Dawkins’ Intellectual Dishonesty
And as mistakes go, it’s just as bad as the one he’s objecting to. Dawkins knows that any idiot can see that the false view of evolution he quoted is impossible. He doesn’t realize that any idiot can see his own distorted view of God is impossible.
Dawkins is willing to call people “idiots” if they don’t see this plain fact about evolution. He doesn’t seem to notice that words like that can double back on himself, when he fails to see a very plain fact about the God of Christian belief.
Not only that, but Christians have told him this over and over again for at least 10 years, up to when his book The God Delusion came out. He’s ignored it over and over again, for at least 10 years. To me this sounds less like idiocy and more like dishonesty.
Dawkins’ “passion” has overcome his rationality. And his integrity.
But then it is no surprise that propagandists with their own reasons for wishing to discredit Christianity would claim that God just “jumped up from nothing.”
The whole title of his book is Science in the Soul: Selected Writings of a Passionate Rationalist. I don’t know all Dawkins’ reasons for propagandizing this way, but any idiot can see his “passion” has overcome his rationality.

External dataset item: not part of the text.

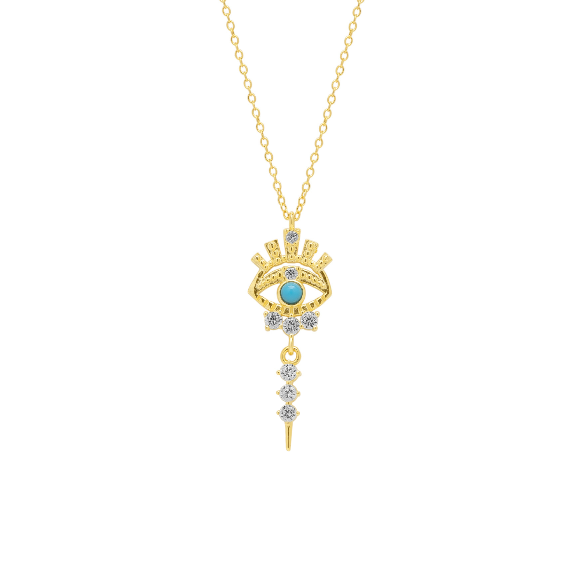 This sterling silver necklace features a striking turquoise evil eye pendant with delicate eyelash details, measuring 16 x 32 mm. Designed with a choice of 16 or 18-inch chain lengths, it sits perfectly to complement any outfit while offering protection and style. Add a unique touch of elegance and symbolism to your jewelry collection with this eye-catching piece.

And his integrity.
P.S. to Christians: Be Ready, Be Honest!
I must close with an urgent plea to fellow Christians. It’s part of the spiritual readiness we’re all responsible for. We need to know how to answer attacks like Dawkins’ — and we need to answer them well.
Dawkins’ complaint, that creationists distort evolution, is too often true. The best arguments against evolution come from those who know evolutionary theory the best, like the folks at Discovery Institute, for example. Arguments from people who don’t know what they’re talking about sound like, well, arguments from people who don’t know what they’re talking about.
So let’s refuse to be intellectually lazy. Let’s refuse to be dishonest. Refuse to be hypocritical. Accept correction when it lands properly on us. Let’s study so we know what we’re talking about. We have nothing to fear and everything to gain from a deeper knowledge of what’s true — including the truth of what evolutionary theory really says.